What I found most interesting about this film was Phyllis’ role as the aunt. The story opens with her going to collect Elizabeth from Victoria station and we are treated to an excruciating first meeting between the pair. It is obvious from the outset that the aunt has no experience of children and is quite nervous at the prospect of taking care of her niece. It is one of those scenes that is tense to watch and although you want to give her a bit of a talking-to, you can find sympathy for her at being thrust into this unexpected situation.

They arrive home, and luckily for Elizabeth, it turns out that her uncle is a thoroughly nice chap who does know that you can carry on being yourself when a youngster is present, and not have to put on a tense smile the whole time. As the film progresses, you can see them build a rapport. But the aunt’s attitude to Elizabeth spirals downwards, as she is unable to understand the child and therefore handle her. She resorts to shouting and sanctioning. Finally, at a high point of tension, the uncle turns on the aunt, accusing her of marrying him for his prospects while secretly being in love with Elizabeth’s feckless father. It emerges that she has forced him to live in a “loveless home”. The implication here is that she cares only for status and refused to give her husband any children. She is a cold, hard-hearted cow. Just to round off the portrayal of a monster, she breaks the child’s beloved musical handbag.

Clearly, Phyllis’ character is a monster simply because she has no children. Her state is unnatural and she deserves to be vilified. That is the message that I took from this film role. What’s worse, we are forced into feeling sympathy for the criminal father because he is a father and he loves his child. So that’s alright then; basically he is a sound human being even if he is a thief and confidence trickster. Unlike her, the barren-wombed harpie.

What we are seeing here is a society that placed huge importance on parenthood.
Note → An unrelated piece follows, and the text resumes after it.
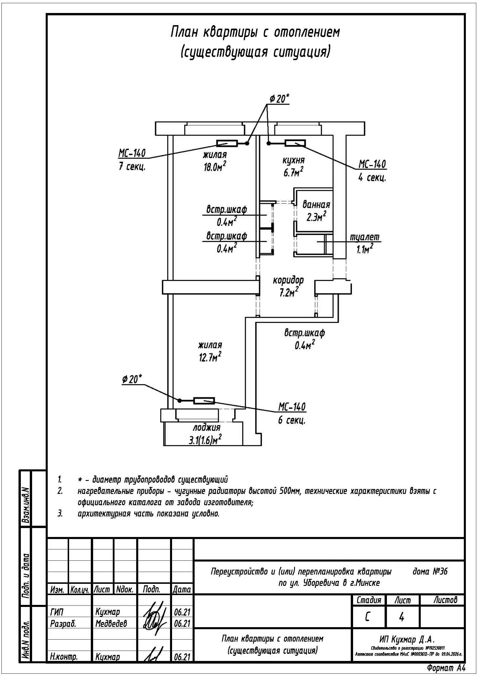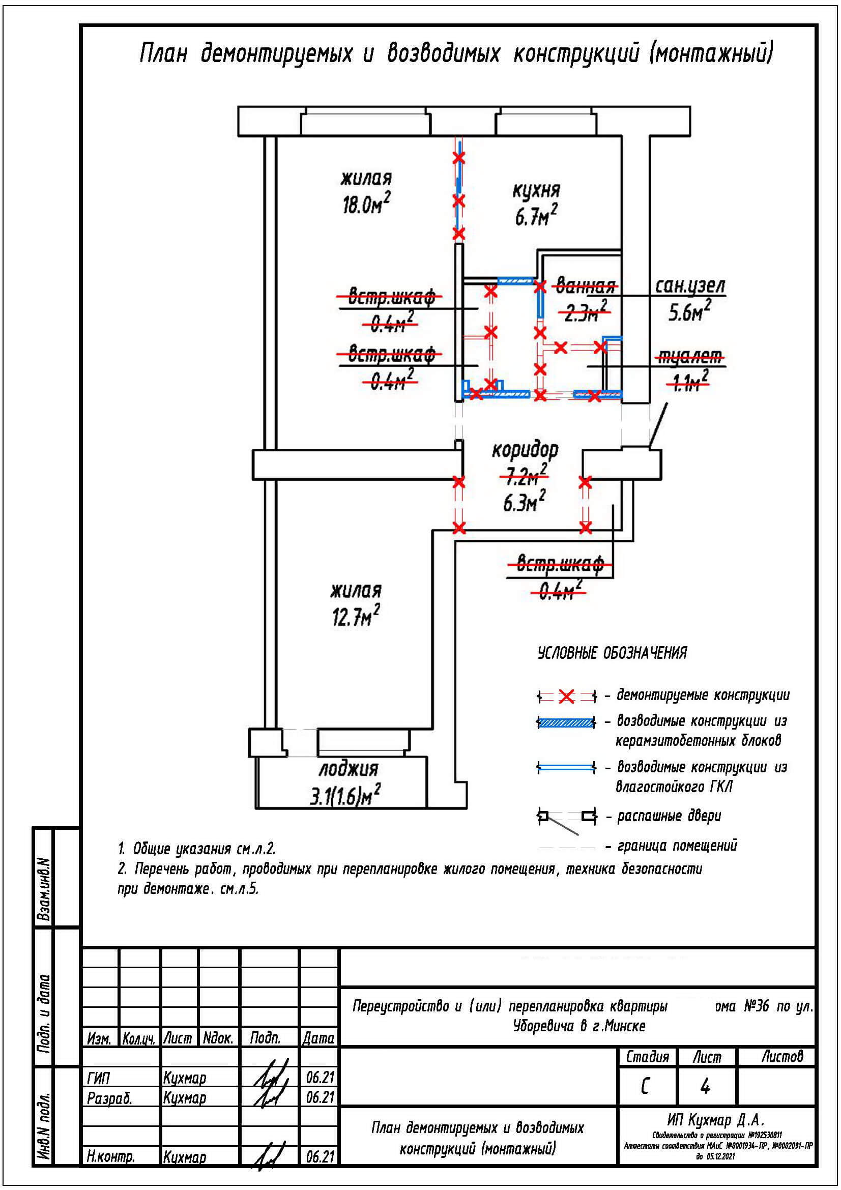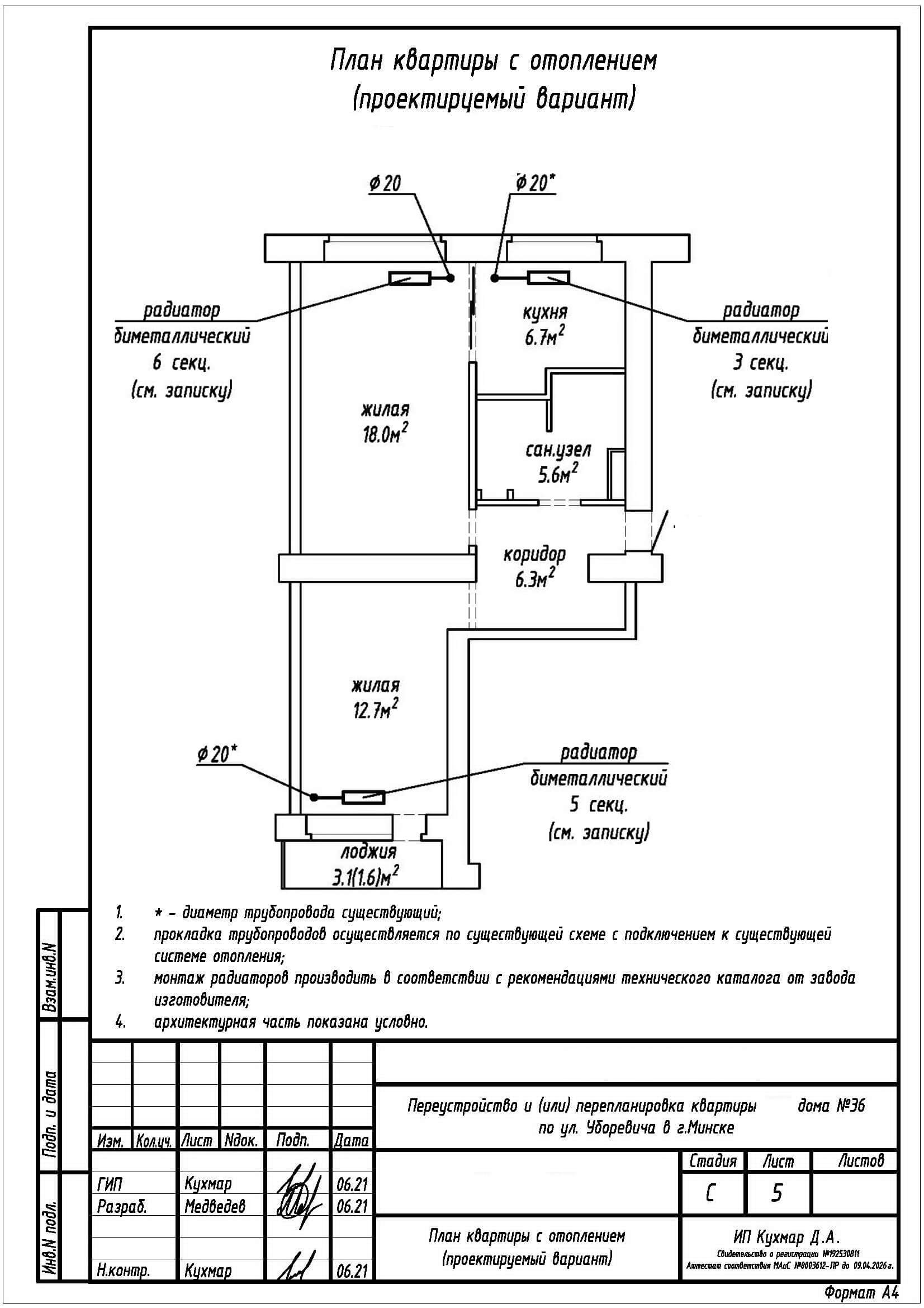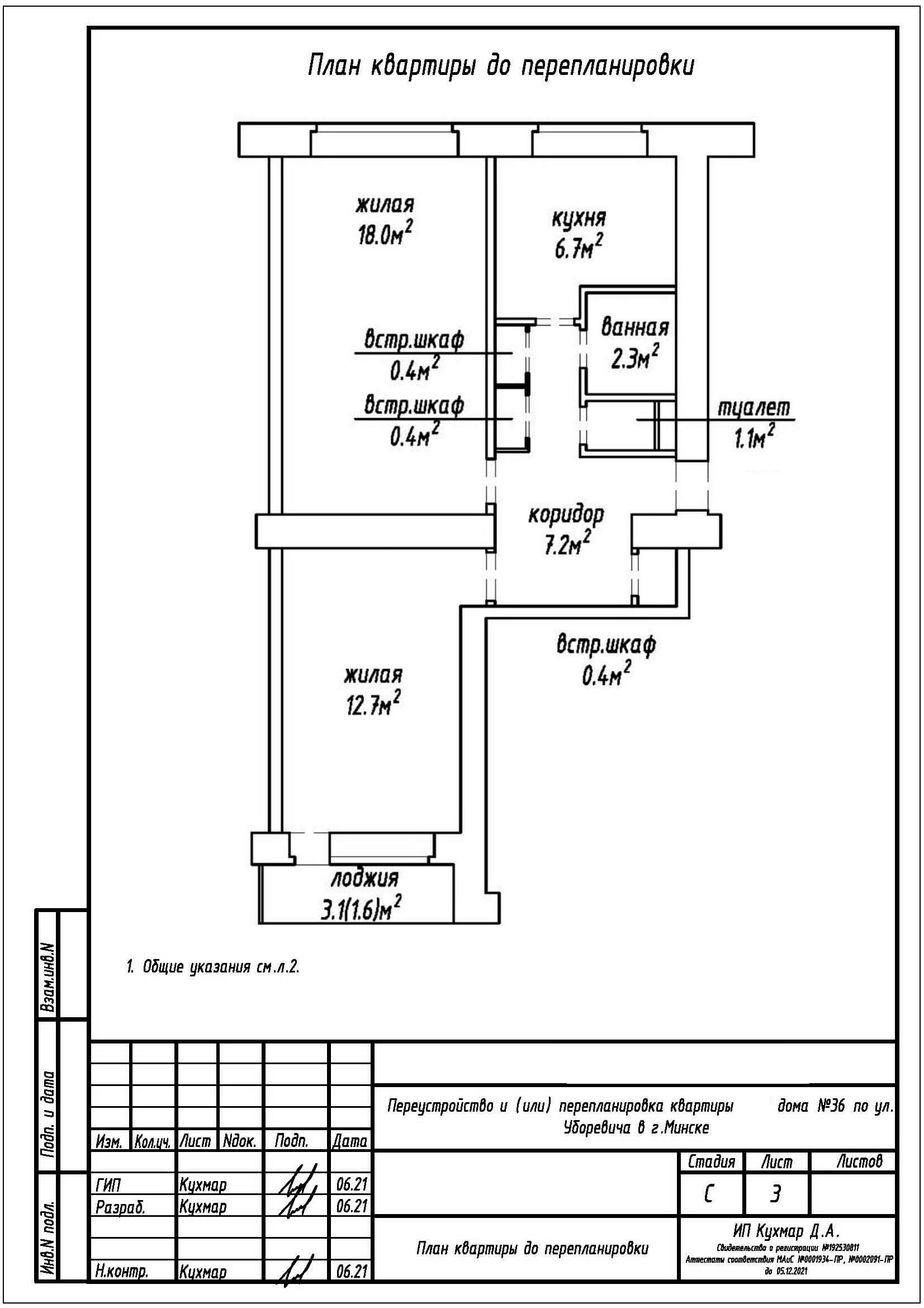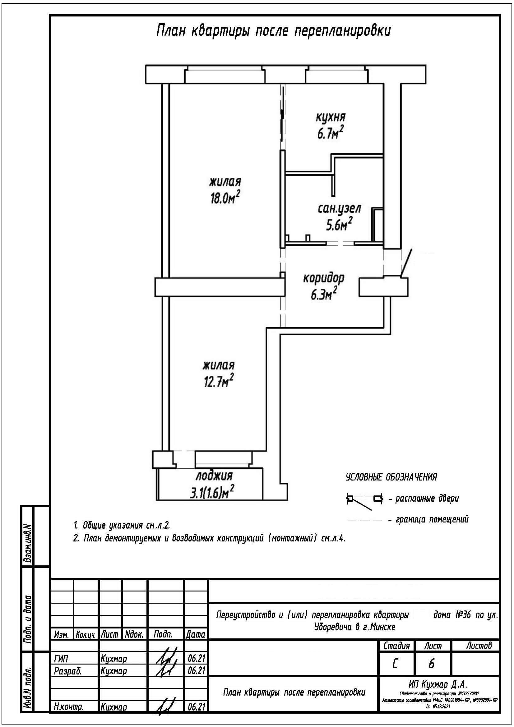 Перепланировка квартиры по ул. Уборевича, 36 в г. Минске

After World War Two, the government wanted women to desert the freedom of the workplace and become mothers, thus opening jobs up to returning servicemen and pushing up population numbers, decimated over two generations by bombs and guns. To not produce children meant that you were either a sad lost cause or a nasty piece of work. Because of this, the film gets away with this one-dimensioned portrayal of a woman. It is never explained why she remained childless, we are merely invited to condemn. Being a woman in the 1950s was really not all it’s cracked up to be. It is still an issue that has not been satisfactorily resolved.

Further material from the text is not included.